**SOURCE DATA**:
'''

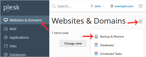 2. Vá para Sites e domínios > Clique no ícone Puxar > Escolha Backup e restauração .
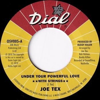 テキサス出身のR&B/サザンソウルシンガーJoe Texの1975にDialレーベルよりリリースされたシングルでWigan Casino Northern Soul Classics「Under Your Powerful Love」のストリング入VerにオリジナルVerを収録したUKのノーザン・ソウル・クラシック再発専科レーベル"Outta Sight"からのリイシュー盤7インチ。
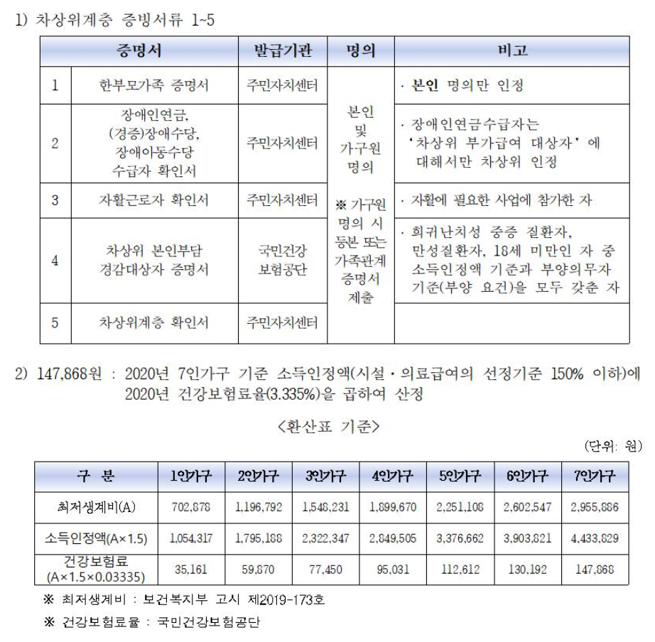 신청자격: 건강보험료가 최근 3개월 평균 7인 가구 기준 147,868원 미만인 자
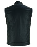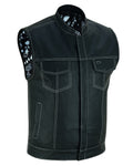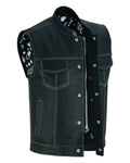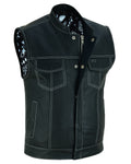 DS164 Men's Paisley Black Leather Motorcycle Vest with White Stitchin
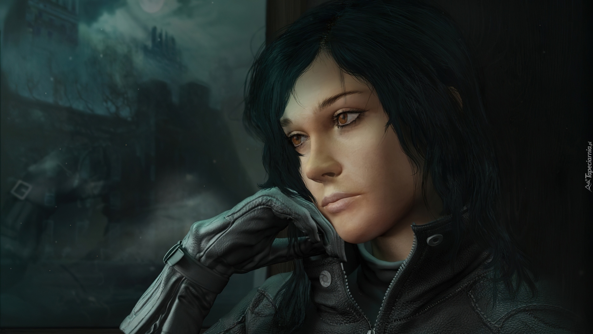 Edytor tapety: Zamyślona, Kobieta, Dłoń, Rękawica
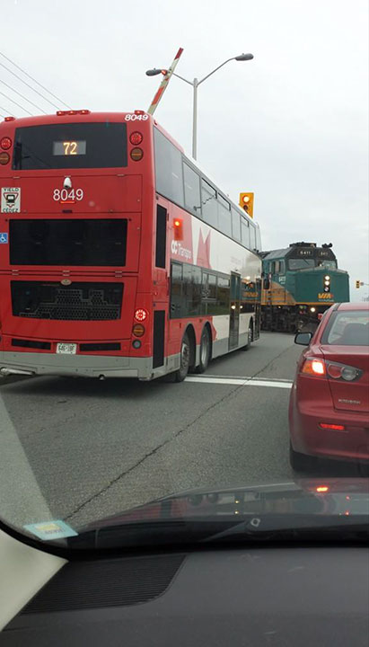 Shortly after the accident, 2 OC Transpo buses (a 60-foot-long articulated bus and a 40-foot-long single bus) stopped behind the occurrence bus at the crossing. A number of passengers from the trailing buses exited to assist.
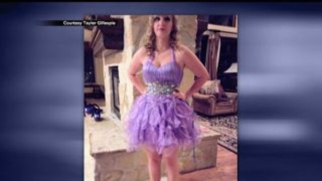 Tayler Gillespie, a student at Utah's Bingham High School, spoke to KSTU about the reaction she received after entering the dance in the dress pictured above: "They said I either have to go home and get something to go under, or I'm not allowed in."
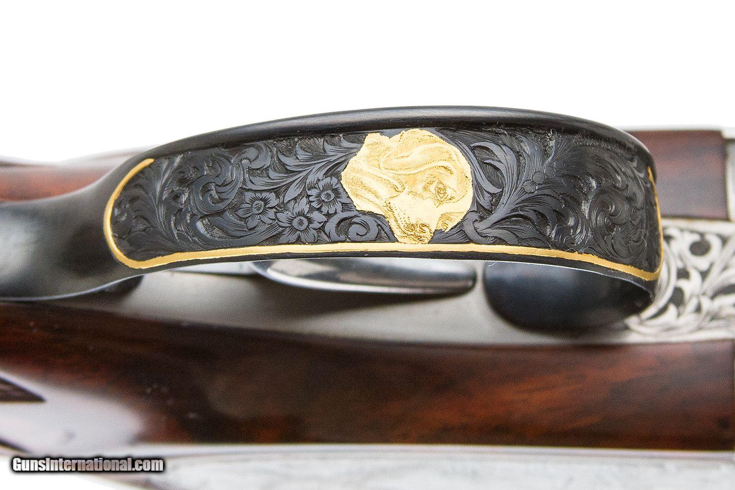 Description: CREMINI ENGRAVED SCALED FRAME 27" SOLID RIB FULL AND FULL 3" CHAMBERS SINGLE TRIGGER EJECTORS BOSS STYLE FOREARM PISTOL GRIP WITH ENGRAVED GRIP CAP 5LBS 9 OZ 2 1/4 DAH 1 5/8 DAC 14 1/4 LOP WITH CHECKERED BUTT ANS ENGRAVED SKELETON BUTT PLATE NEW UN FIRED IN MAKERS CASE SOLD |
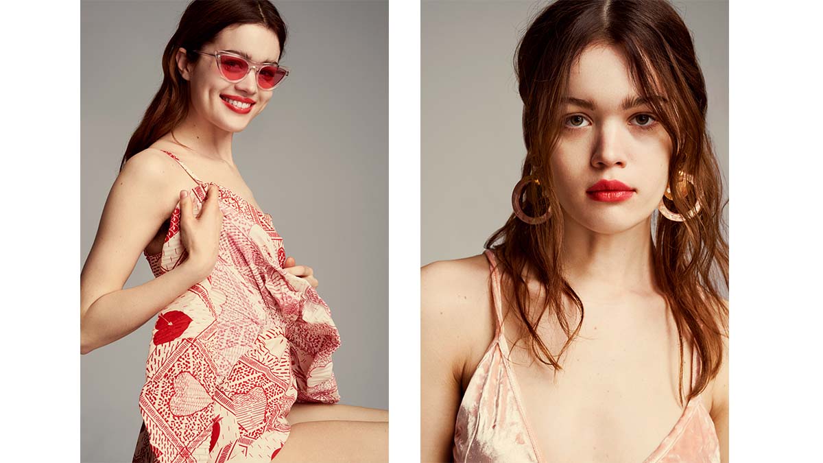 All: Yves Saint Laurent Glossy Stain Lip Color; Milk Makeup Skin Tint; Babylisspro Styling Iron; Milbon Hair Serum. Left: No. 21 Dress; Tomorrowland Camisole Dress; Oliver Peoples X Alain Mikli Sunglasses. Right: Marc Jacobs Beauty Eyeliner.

'''
'''

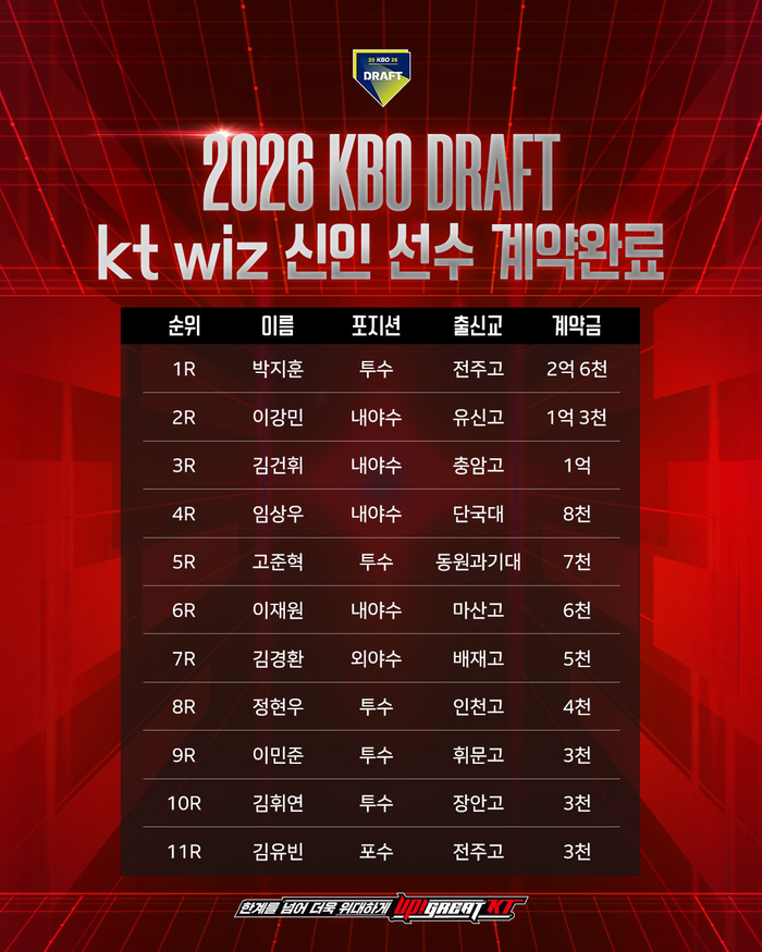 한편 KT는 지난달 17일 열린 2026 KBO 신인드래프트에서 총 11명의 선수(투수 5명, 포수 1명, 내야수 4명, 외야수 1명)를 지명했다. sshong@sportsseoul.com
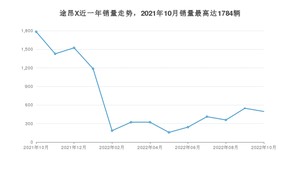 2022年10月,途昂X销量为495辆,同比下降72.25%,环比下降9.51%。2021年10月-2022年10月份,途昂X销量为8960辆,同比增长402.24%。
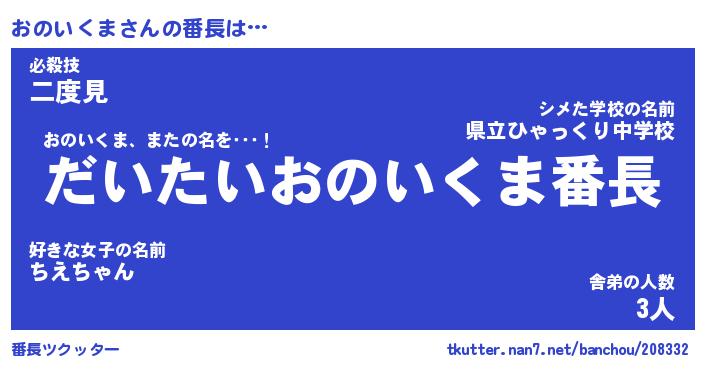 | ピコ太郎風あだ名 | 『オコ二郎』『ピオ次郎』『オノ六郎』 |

'''
'''

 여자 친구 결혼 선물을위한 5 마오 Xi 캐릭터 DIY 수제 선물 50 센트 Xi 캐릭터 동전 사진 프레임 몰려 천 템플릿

'''

**WORK REQUEST**: Pictures aside, return exactly the lines from the data above, starting at the line that has "DS164 Men's Paisley" and ending at the line that has "All: Yves Saint", both included.

**YOUR SOLUTION**:
 DS164 Men's Paisley Black Leather Motorcycle Vest with White Stitchin
 Edytor tapety: Zamyślona, Kobieta, Dłoń, Rękawica
 Shortly after the accident, 2 OC Transpo buses (a 60-foot-long articulated bus and a 40-foot-long single bus) stopped behind the occurrence bus at the crossing. A number of passengers from the trailing buses exited to assist.
 Tayler Gillespie, a student at Utah's Bingham High School, spoke to KSTU about the reaction she received after entering the dance in the dress pictured above: "They said I either have to go home and get something to go under, or I'm not allowed in."
 Description: CREMINI ENGRAVED SCALED FRAME 27" SOLID RIB FULL AND FULL 3" CHAMBERS SINGLE TRIGGER EJECTORS BOSS STYLE FOREARM PISTOL GRIP WITH ENGRAVED GRIP CAP 5LBS 9 OZ 2 1/4 DAH 1 5/8 DAC 14 1/4 LOP WITH CHECKERED BUTT ANS ENGRAVED SKELETON BUTT PLATE NEW UN FIRED IN MAKERS CASE SOLD |
 All: Yves Saint Laurent Glossy Stain Lip Color; Milk Makeup Skin Tint; Babylisspro Styling Iron; Milbon Hair Serum. Left: No. 21 Dress; Tomorrowland Camisole Dress; Oliver Peoples X Alain Mikli Sunglasses. Right: Marc Jacobs Beauty Eyeliner.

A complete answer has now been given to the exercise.